The primary scope of this dataset is to support the development of movie recommender systems, and this is the first large-scale dataset in the recommender systems community that provides all types of precomputed content-based descriptors in conjunction with metadata in numerical feature format. Part of these data is used in the MediaEval 2018 (task name: “Recommending Movies Using Content: Which content is key?”)
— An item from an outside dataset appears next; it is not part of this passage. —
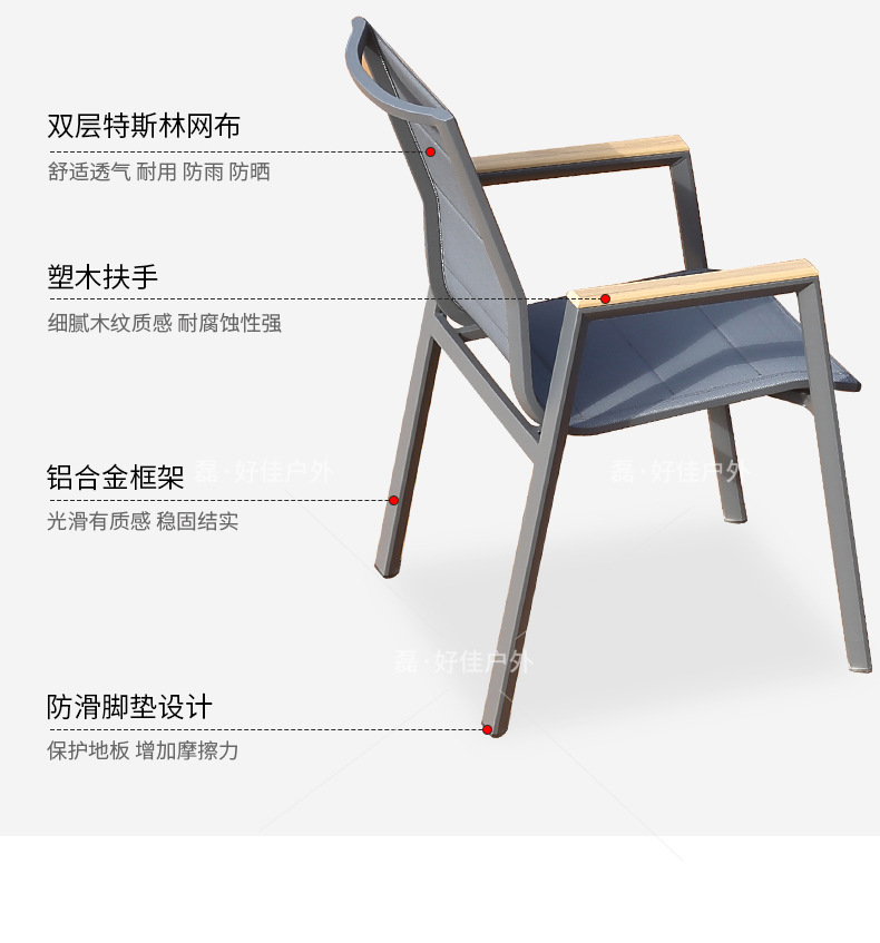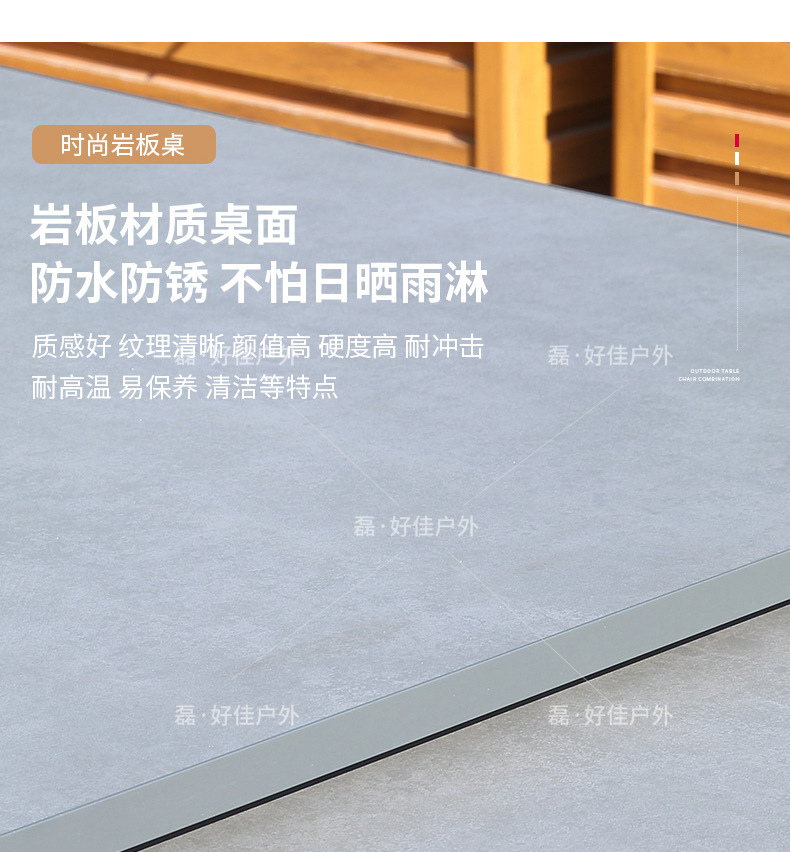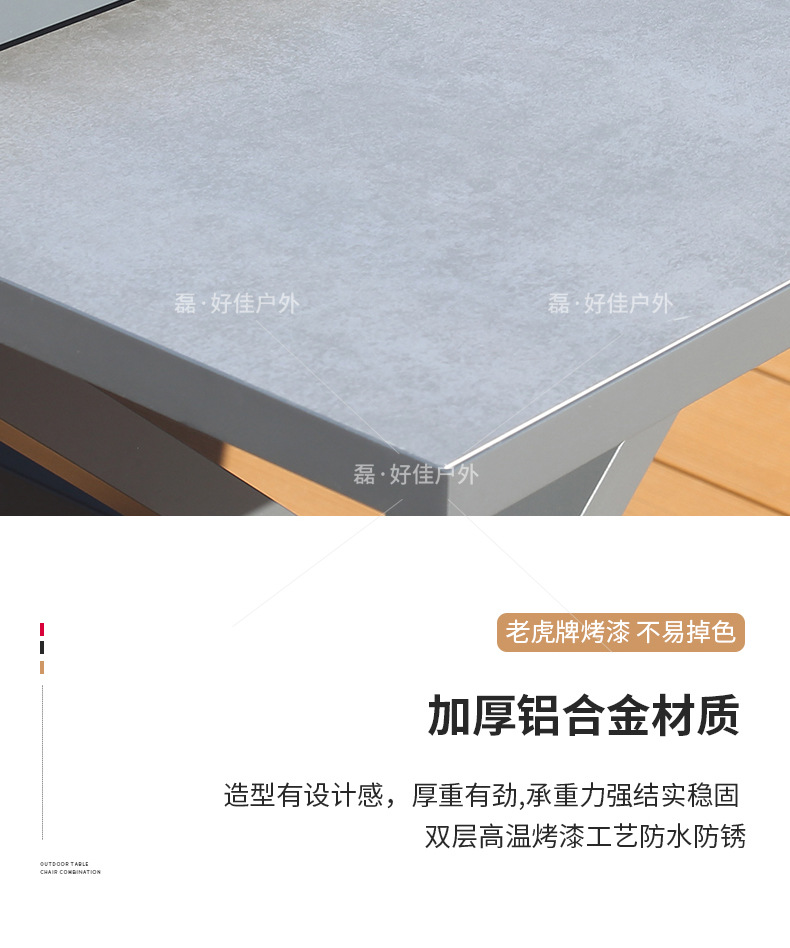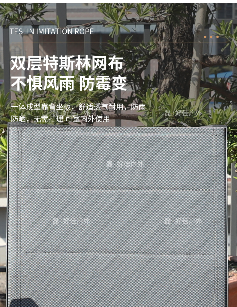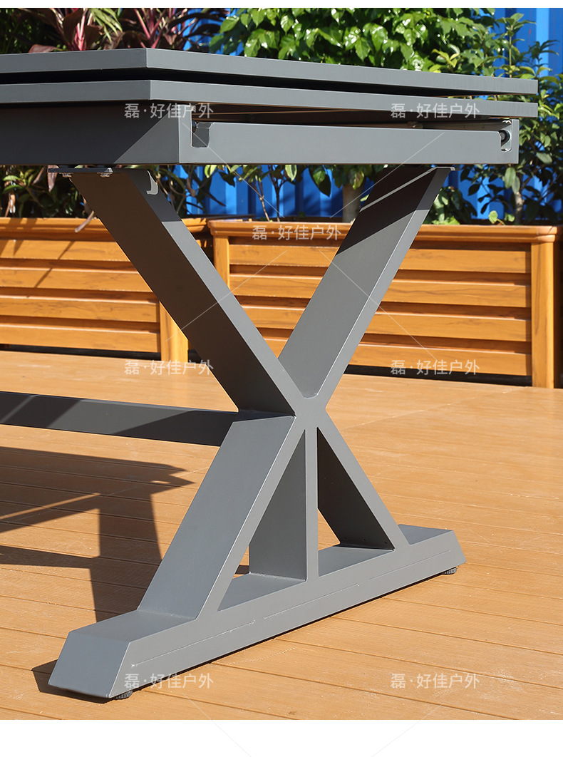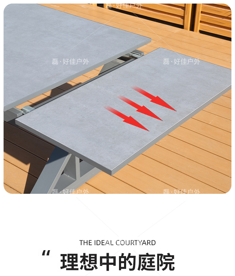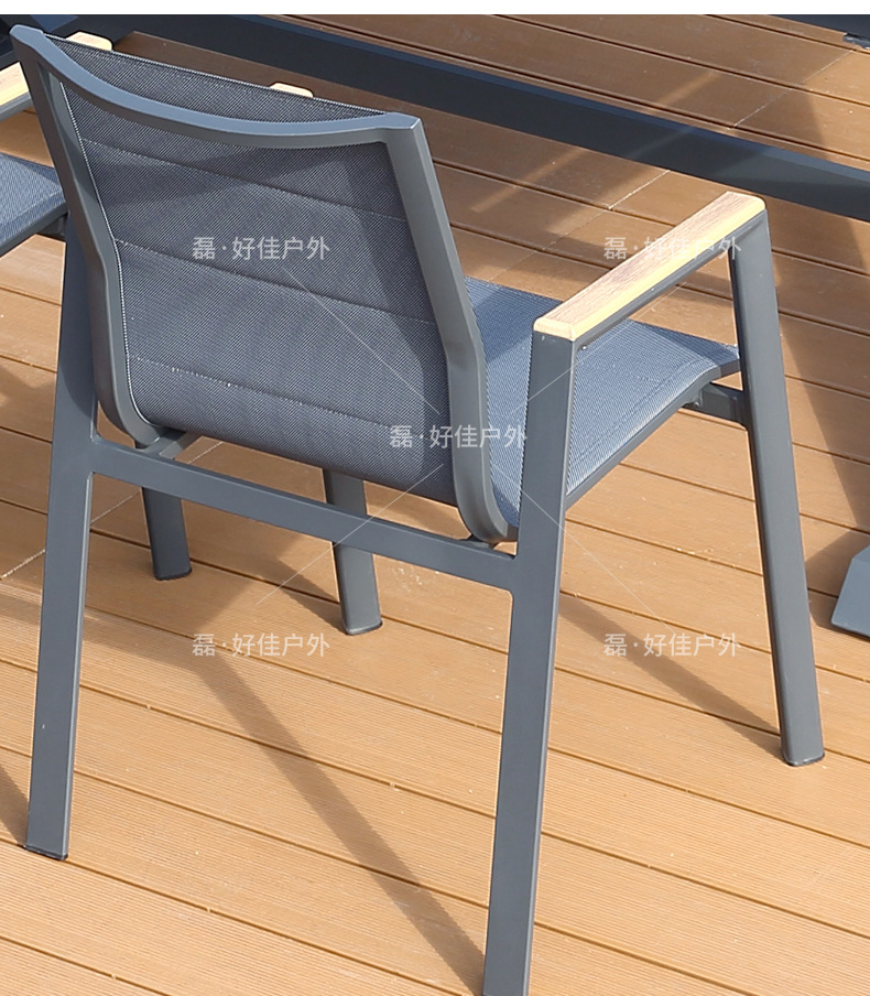 • 6개의 더블 레이어 메쉬 의자 + 220(확장 340) * 90cm 텔레스코픽 록 플레이트 롱 테이블

Through our experiments we aim to provide some baseline results to further help researchers use this dataset and compare their results with other papers and experiments. We performed extensive experiments to identify the best performing descriptor in unimodal and multimodal settings where for the latter we used the late fusion scheme based on Borda count using a proposed linear weighing scheme which showed to significantly improve the performance of the hybrid approach.

The competing descriptors are: BLF and i-vector features for audio, AVF and AlexNet Deep features for visual and genre label together with user-generated tags for metadata (baseline). All the experiments were carried out on a selection of ML-20m rating dataset by random selection of 3000 users each having minimum of 50 ratings associated to the consumption profile. The results are reported based on the average performance in a 5-fold cross validation setup.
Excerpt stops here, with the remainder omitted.